Constable O’Brien stated that at 7.45, he found the defendants at a fire lighted on a height, where it could have been seen from the sea. They made no excuse for having lighed the fire, which was situated up a sort of boreen.

Answering Mr. J.S. Young, witness said there was a wall each side of the boreen, but the fire could be seen from the Bay all the same.

Mr. Kenny (Messrs. Blake and Kenny) for the defendants, said it was a technical offence, and Mr. Heard did not press for a severe penalty.

The Barna people, he added, amidst laughter, did not want the Germans to come in there. As a matter of fact, they did not light the fire at all, but were at it.
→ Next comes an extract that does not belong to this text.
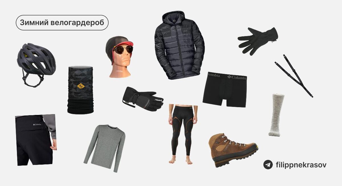 В ЧЕМ КАТАЮСЬ ЗИМОЙ Продолжаем #подборка_снаряжения@filippnekrasov. С осенней экипировкой разобрались - теперь поговорим о зимней. В этом комплекте что-то остается, что-то меняется, но без добавления лишних слоев. Что это Комплект одежды на температуру от -2 до -8 градусов. Для каких условий Городские и загородные поездки в снежную и ветреную погоду. Голова ➡ Шлем: BBB Hawk ➡ Подшлемник: Dalekodolgo ➡ Бафф: Buff Polar Верхняя часть ➡ Куртка: Jack Wolfskin Greenland ➡ Термобелье: Northland ➡ Подтяжки: Nordski Нижняя часть ➡ Трусы: Columbia Short Boxer ➡ Термобелье: Accapi X-Country ➡ Штаны: Columbia Black Mesa Warm Pant Обувь и аксессуары ➡ Носки: Norveg -60 ➡ Обувь: Dolomite Tofana GTX ➡ Перчатки (вариант 1): Век Альпина виндблок ➡ Перчатки (вариант 2): REUSCH Stanley GTX Почему этот комплект Сохраняю принцип минимализма - только необходимые теплые слои без лишней "капусты". Все вещи проверены в зимних условиях. Что дальше Экстрим-вариант для температур до -20°C. Есть вопросы
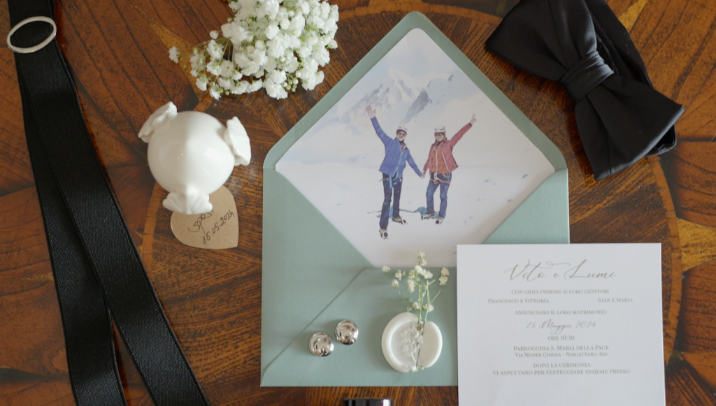Un invito che racconta una storia: la stationery personalizzata da Carmen Renna per il matrimonio di Vito e Lumi

The boys were given a good character, and were fined 2s 6d each.

1940

Housing ‘bombardment’

Numerous complaints were read at Ballinasloe Urban Council of disturbances by tenants in the Council’s terraces. One complaint said it was worse than the London bombardments. Another sufferer wrote: “In London, the people have shelters and ear-plugs, but here we have to put up with this terrific bombardment night after night, and I would ask the Council if they do not take immediate action with these offending tenants to supply us with a shelter inside the house or give us ear-plugs.

The Council discussed the complaints at length, the Chairman (Mr. Cullen) remarking that the Council should take firm action and protect their tenants and proceed against the offenders in Court; otherwise, he thought, the Council were not doing their duty to their tenants.

The Town Clerk said that there was a clause in the tenancy agreement regarding the conduct of the tenant.

Other councillors expressed the opinion that they would be creating an undesirable and unwise precedent in interfering, and suggested that it was a matter for the tenants’ they could proceed in Court on summons.

Eventually, the Council decided that it was their duty to protect their tenants and handed the complaints to their solicitor, with instructions to proceed against offending tenants in Court.

Lost in the kitchen

Many shop girls and others are lost in the kitchen when they get married, said Ald. Miss Ashe at a meeting of the Galway City Vocational Education Committee during the course of a discussion on the cookery and general household management classes in the Committee’s school at Father Griffin road.

She asked the teachers if they taught girls how to cook a cheap, wholesome dinner on the assumption that some would become the wives of working men earning only £2 or £2 10s. a week and would only have 25s. or £1 10s available to spend on the house each week.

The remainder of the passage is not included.